The problem → Restate word for word the lines below that run from the one holding "Casa Fiora modern" through the one holding "Rolex Datejust 126333", inclusive. Pictures don't belong in the copy.
====== Input data ======
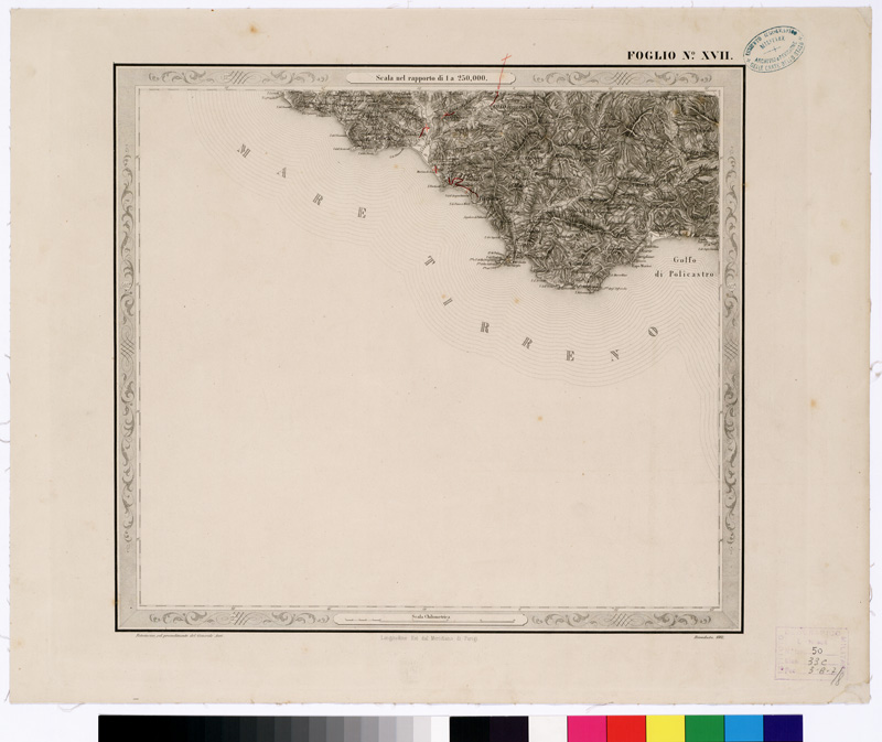 "...IN FOGLI 25 FOTOINCISA COL PROCEDIMENTO DEL GENERALE AVET ALLA SCALA DI 1:250.000 PUBBLICATA DALL'ISTITUTO TOPOGRAFICO MILITARE, 1874. Bella, pregevolissima carta. E' in 25 fogli oltre il foglio titolo. Su di questo sono dati i seguenti " Cenni sulla costruzione della Carta " : "Questa carta corografica è tratta da una topografica disegnata a mano alla scala di 1: 103.680, che si trovava negli Archivi dell ' ex- Ufficio Topografico di Napoli e che era dovuta allo Stato Maggiore Austriaco. Essa fu eseguita durante l ' occupazione di quel Regno dal 1821 al 1824, e ne fu fondamento la nota carta del Rizzi-Zannoni, di cui la Carta Austriaca è per così dire una trasformazione. Difatti la planimetria fu poco o punto modificata ma si dette un maggior rilievo all ' orografia, sostituendo, previe ricognizioni sul terreno, il metodo del tratteggio a luce zenitale, a quello della prospettiva cavaliera col quale sono rappresentate le alture nelle Carte del Zannoni. Non è certamente, né può essere un lavoro di grande esattezza geometrica, come quello che non dipende da rilievi regolari e molto meno da coordinazione di questi ad una rete di punti geodetici. Nonostante il Comitato dello Stato Maggiore credè di rendere un servizio alle varie Amministrazioni dello Stato ed al pubblico, deliberando, sin dall ' anno 1868, di utilizzarla (in via transitoria e intanto che si compivano i rilievi regolari nelle provincie meridionali) con lo scopo di somministrare una guida sufficiente al militare, al geografo ed al viaggiatore. La carta fu riconosciuta sul terreno negli anni 1868-1869 onde completarvi il sistema delle strade rotabili a fondo manufatto. Di poi si operò il disegno dei vari fogli alla scala di 1: 250.000, che fu adottata per la pubblicazione. Così ridotta essa consta di 25 fogli. La riproduzione ne fu eseguita con il sistema di fotoincisione del Maggior Generale Conte Avet ". (vedi: N. 39 d'Ordine, Cart. d'Arch. N° 71 - Docum. N° 9021 - Files A0001415-1491, e N. 61 d' Ordine, Cart. d 'Arch. N° 72 Docum. N° 9022 - Files A0001537-1594). Alla carta è unito un quadro di unione. Due copie, una delle quali incompleta e l'altra, completa, riveduta dal 1882-1884. La carta completa si trova in biblioteca è montata su tela a stacchi n. di inventario generale 50, schedario carte generali Italia. In archivio (Cart. d'Arch. N. 90 - Docum. n. 26 - Files A0002825-2844) si trova la copia parziale delle carte (mancano i seguenti fogli: 9, 13, 15, 16, 17, 20, 25) non è montata su tela."
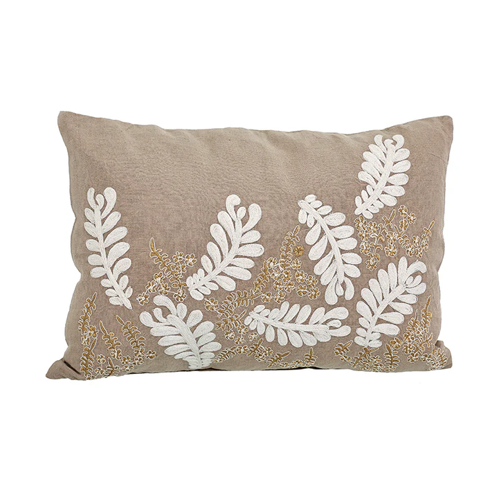 KC242935 Cojín de Lino Follaje Bordado 35×50 cm.
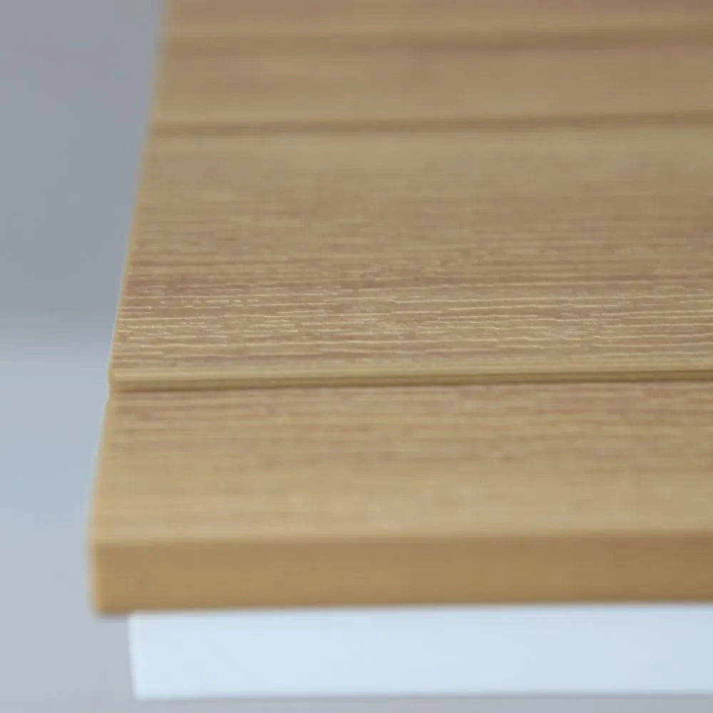 Casa Fiora modern square outdoor bistro table with a wood-look top and a single pedestal base
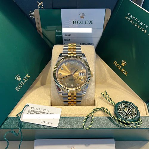 Rolex Datejust 126333 Champagne Diamond Jubilee 41mm Steel and Yellow Gold Mens Watch
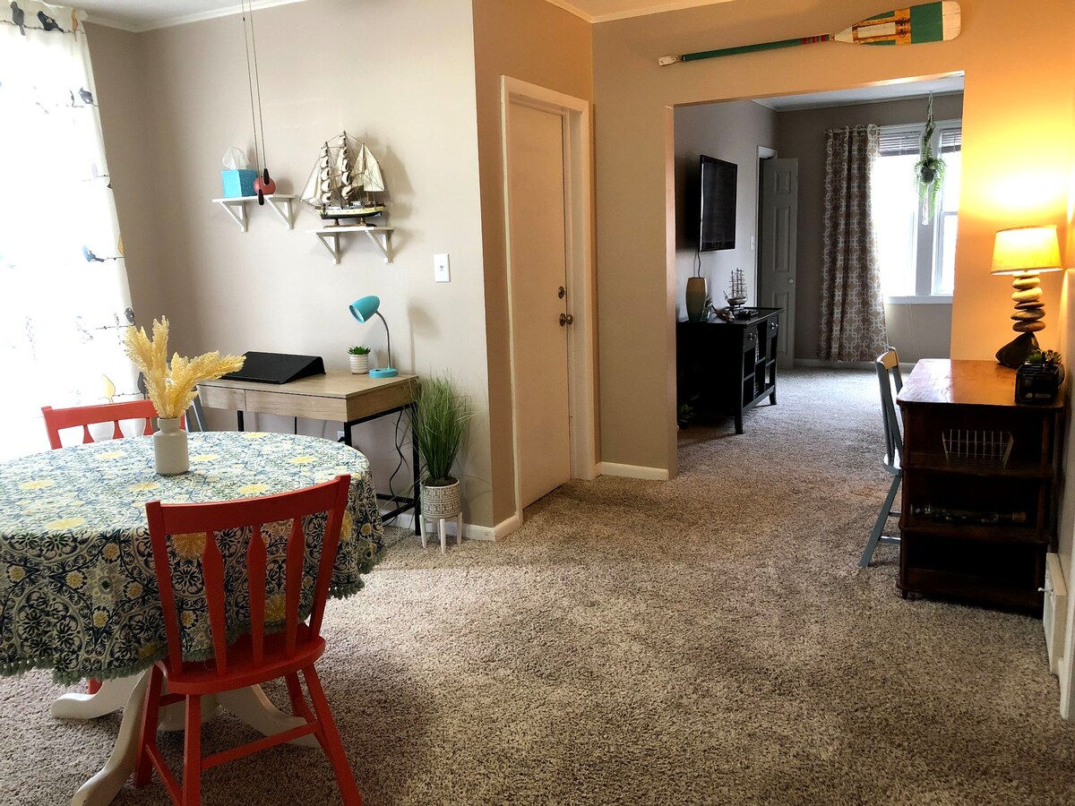Apartment 2 of 2, above our family business Shake It. We offer delicious healthy shakes and smoothies, sandwiches , wraps, and more . Beautifully renovated. Bright and clean ! Peaceful and relaxing after a long day of exploring. Close to many tourist attractions. Large kitchen, comfy king size bed and couch, smart TV, large rain shower head and mini split A/C! A large Walk in closet to get ready in. We hope you enjoy your stay !
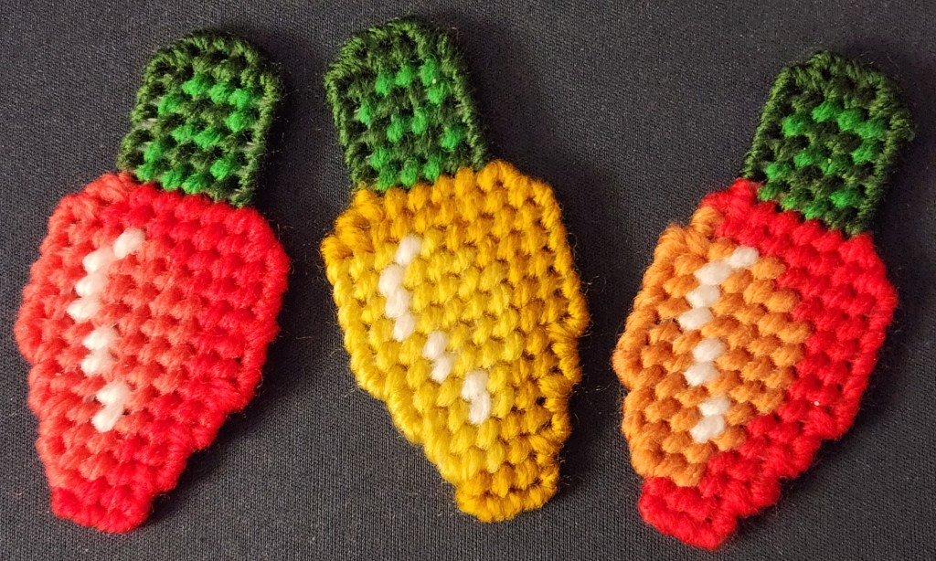 Thanks to my ANG Main Line Stitchers chapter Stitch-in on Saturday, Saturday night’s movie, and football on Sunday, here’s a couple of days’ work on the Christmas bulbs (7 count plastic canvas kit from last year). Three before the meeting, four during the meeting, and five after the meeting, which means half are done!
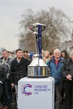 For the sixth year, the men's race was sponsored by BNY Mellon while the women's race had BNY Mellon's subsidiary Newton Investment Management as sponsors.[9] In January 2016, it was announced that the sponsors would be donating the title sponsorship to Cancer Research UK and that the 2016 event onwards would be retitled "The Cancer Research UK Boat Races".[10] There is no monetary award for winning the race, as the journalist Roger Alton notes: "It's the last great amateur event: seven months of pain for no prize money".[11]
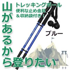 トレッキングポール 軽量アルミ製 三段式伸縮シャフト ブルー
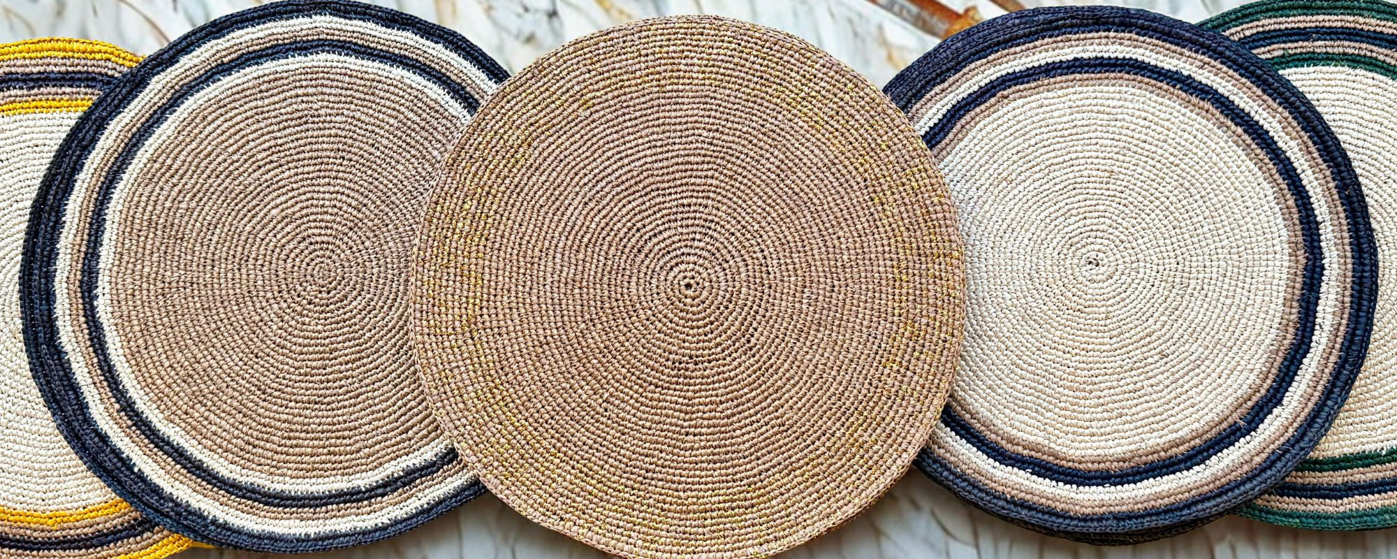 Notre pièce phare : le tapis rond coloré, fait à la main en raphia, par une association de femmes à Madagascar. Chaque pièce est unique !
======
Reply to the task →
 Casa Fiora modern square outdoor bistro table with a wood-look top and a single pedestal base
 Rolex Datejust 126333 Champagne Diamond Jubilee 41mm Steel and Yellow Gold Mens Watch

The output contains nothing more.